Du coup, le métier attire peu. Les jeunes le trouvent “dur et ingrat et ne veulent pas apprendre”, regrette Meddah Larbi, qui ne trouve personne à former.

Outre l’art du ferrage et du parage, le maréchal-ferrant est aussi un peu forgeron et vétérinaire: il doit avoir des connaissances en travail du métal et en anatomie équine.

– “Pas de pied, pas de cheval” –

Aucun centre de formation en maréchalerie n’existe en Algérie: le métier se transmet de maître à apprenti. Mais les deux apprentis qu’il a tenté de former ont abandonné au bout de six mois, regrette M. Larbi.

L’Algérie comptait encore une quinzaine de maréchaux-ferrants il y a une vingtaine d’années, contre seulement six aujourd’hui – outre ceux, militaires, de la Garde républicaine.

Pourtant, le travail ne manque pas.
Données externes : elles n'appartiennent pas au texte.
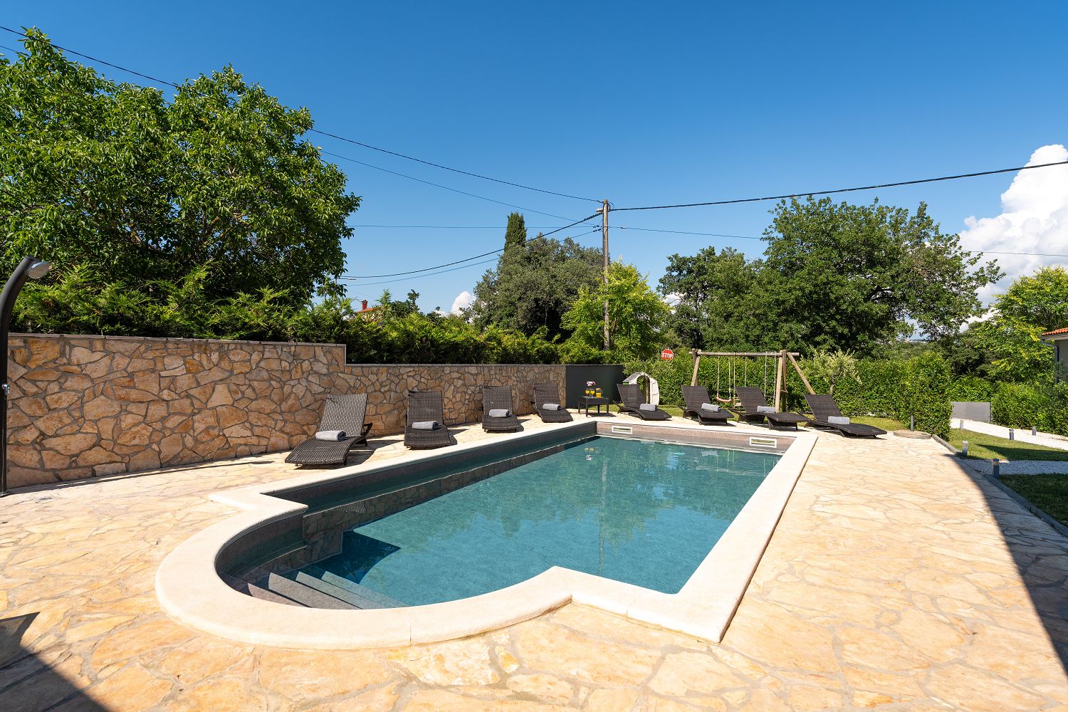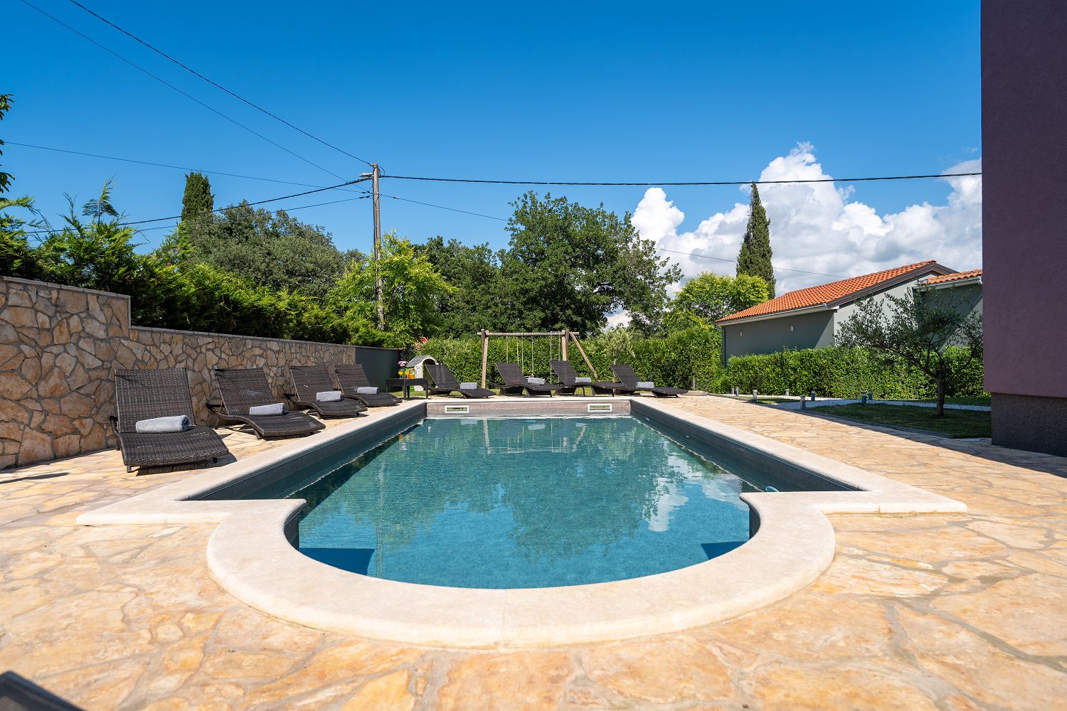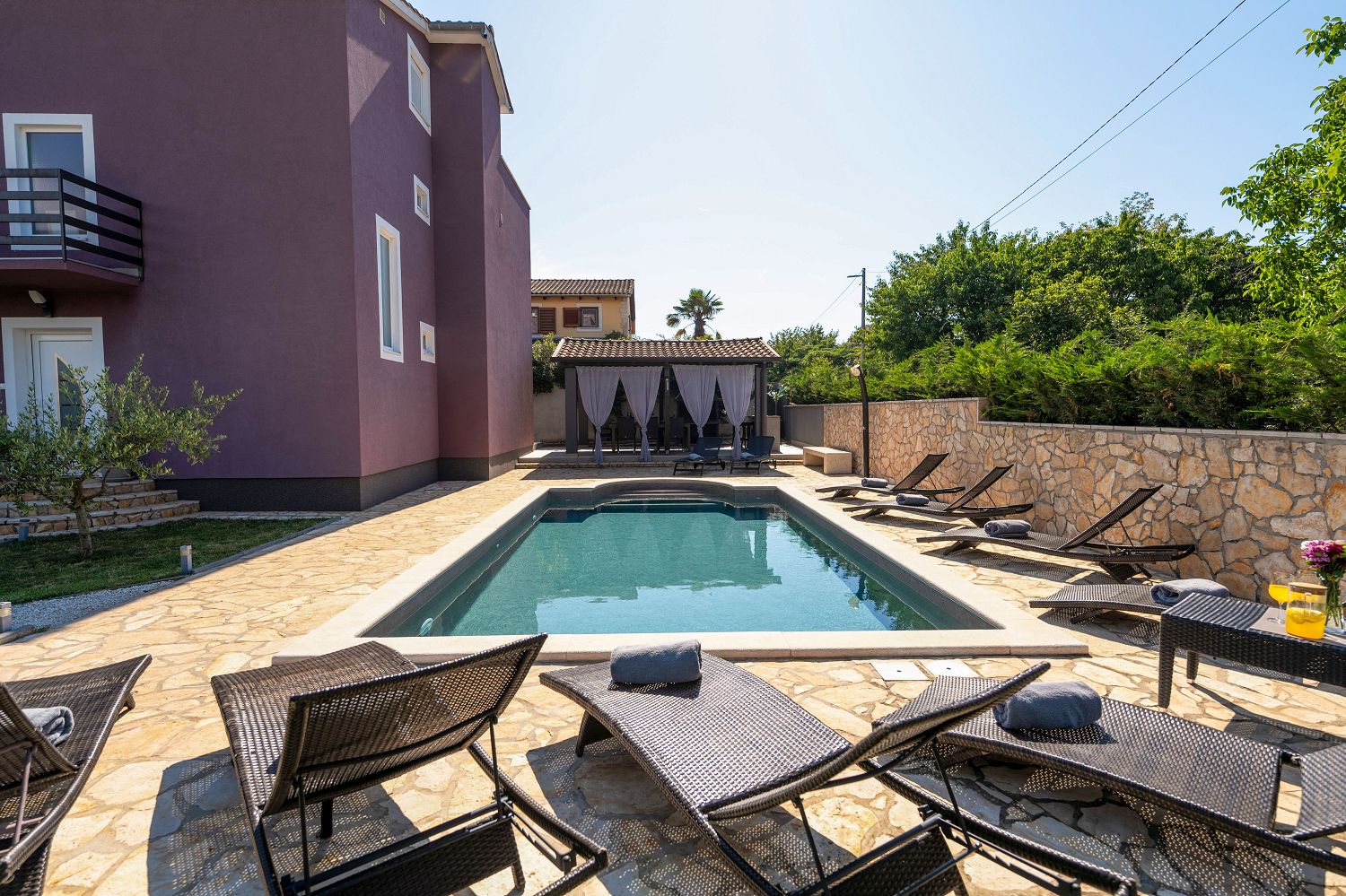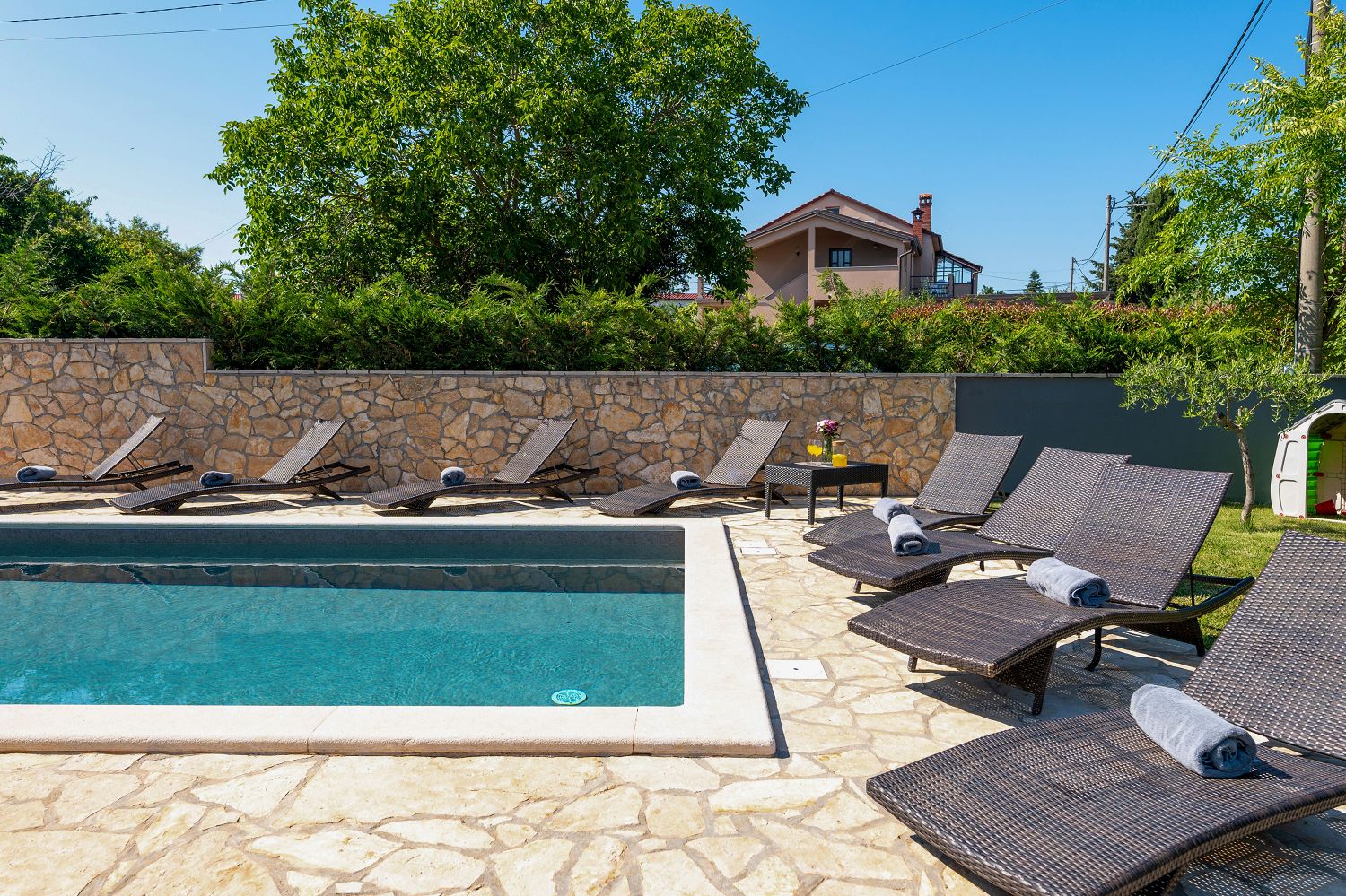 Die Casa liegt im kleinen Dorf Perci, 10 km von Porec und 4 km vom Touristenort Lanterna mit schönen Stränden und verschiedenen Sportmöglichkeiten entfernt. Geschäfte und Restaurants sind im nur wenige Autominuten entfernten Ort Tar erreichbar. Auf dem umzäunten und gepflegten Gartengrundstück (900 m²) stehen den Gästen ein 32 m² großer Pool, zehn Liegestühle mit Badetüchern, zwei Sonnenschirme, eine überdachte Sommerküche mit Grill und Esstisch für Mahlzeiten im Freien sowie ein Kinderspielplatz und vier Parkplätze zur Verfügung. Das Haus verfügt über eine Gesamtfläche von 280 m², die sich auf drei Etagen verteilen. Es ist voll klimatisiert und für bis zu zwölf Personen geeignet. Im Erdgeschoss gibt es eine voll ausgestattete Küche mit Esstisch, ein Wohnzimmer mit Ausgang zur Terrasse mit Gartenmöbeln, ein Schlafzimmer mit Doppelbett, ein Badezimmer mit Dusche/WC, ein Badezimmer mit Badewanne und Waschmaschine sowie eine separate Toilette. Im ersten Stock befinden sich zwei Doppelzimmer, beide mit Zugang zum Balkon, eines davon mit eigenem Bad, ein Zimmer mit getrennten Betten und Zugang zu einem Balkon mit wunderschönem Panoramablick sowie ein Badezimmer mit Dusche/WC im Flur. Im Dachgeschoss gibt es ein 25 m² großes Schlafzimmer mit Doppelbett und Schlafsofa für zwei Personen, ein Badezimmer mit Dusche/WC und eine schöne Dachterrasse mit Liegestühlen. Den Gästen steht außerdem ein Gemeinschaftsraum mit Tischfußball und einem Orbitrek-Fitnessgerät zur Verfügung. Jugendgruppen sind nicht gestattet.
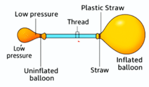 balloon has low pressure inside. When the two balloons are connected through a straw, air moves from high-pressure area (inside the inflated balloon) to the low-pressure area (inside the uninflated balloon).
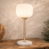 •Crafted from a glass orb shade, iron post, and a natural marble base, this room table lamp exudes sturdiness and elegance
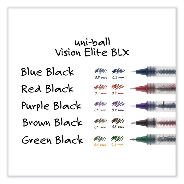 Create ideas as vividly as can be imagined with Vision Elite Rollerball Pens from uni-ball featuring a bend-resistant stainless steel tip and a tungsten carbide rollerball. Capped roller pens deliver smooth, intense lines with unparalleled definition - useful for note taking, list making, signing checks and legal documents, and even uniquely embellishing creative writing projects. Innovative uni Super Ink technology effectively entraps the gel ink into the paper, producing fraud, fade and water-resistant documents that resist check washing or bleaching. These Vision Elite pens have a special design that withstands cabin pressure variances without leaking, making them useful for travelers. Exclusive Uni-Flow Ink System ensures a consistent, delightfully fluid writing experience, and a translucent window ensures that you don't run out of ink unexpectedly. Express your signature style with the sleek, modern design and elite performance of uni-ball's Vision Elite Rollerball pen - no matter the altitude. Pen Sub-Brand & Product Family: VISION ELITE™ BLX Series; Pen Type: Hybrid Gel Pen; Pen Style: Stick; Pen Tip Type: Conical.
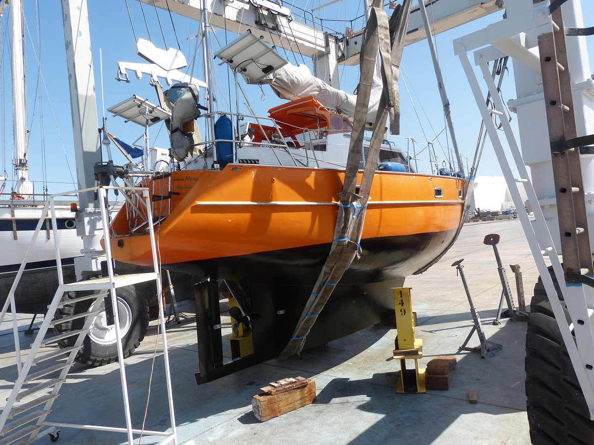 Nachdem Luna Mare seit Montag dieser Woche an Land stand, sind wir seit heute morgen zurück im Wasser. Der Unterwasseranstrich war notwendig und die Arbeiten haben gut geklappt. Toller Service der Marine hier: Gestern Abend wurde die Luna Mare bereits in den Kran genommen, so dass wir die durch die Stützen verdeckten Stellen noch streichen und diese dann über Nacht trocknen konnten.

Un éleveur privé a dû engager un maréchal-ferrant venu de l’étranger pour l’avoir sous la main à plein temps.

“Quand le programme est chargé, je peux avoir jusqu’à 200 chevaux par mois”, en majorité de clients privés, indique Meddah Larbi, qui estime être relativement bien payé. Il est au salaire minimum à Chaouchaoua (18.000 dinars mensuels) mais empoche plus d’un million de dinars par an grâce à ses clients privés, soit deux fois le salaire moyen en Algérie.

Il s’inquiète de voir disparaître avec les derniers maréchaux-ferrants du pays tout un pan d’histoire mais aussi un savoir-faire indispensable à la bonne santé des chevaux.

Car comme le dit l’adage, “pas de pied, pas de cheval”, rappelle-t-il.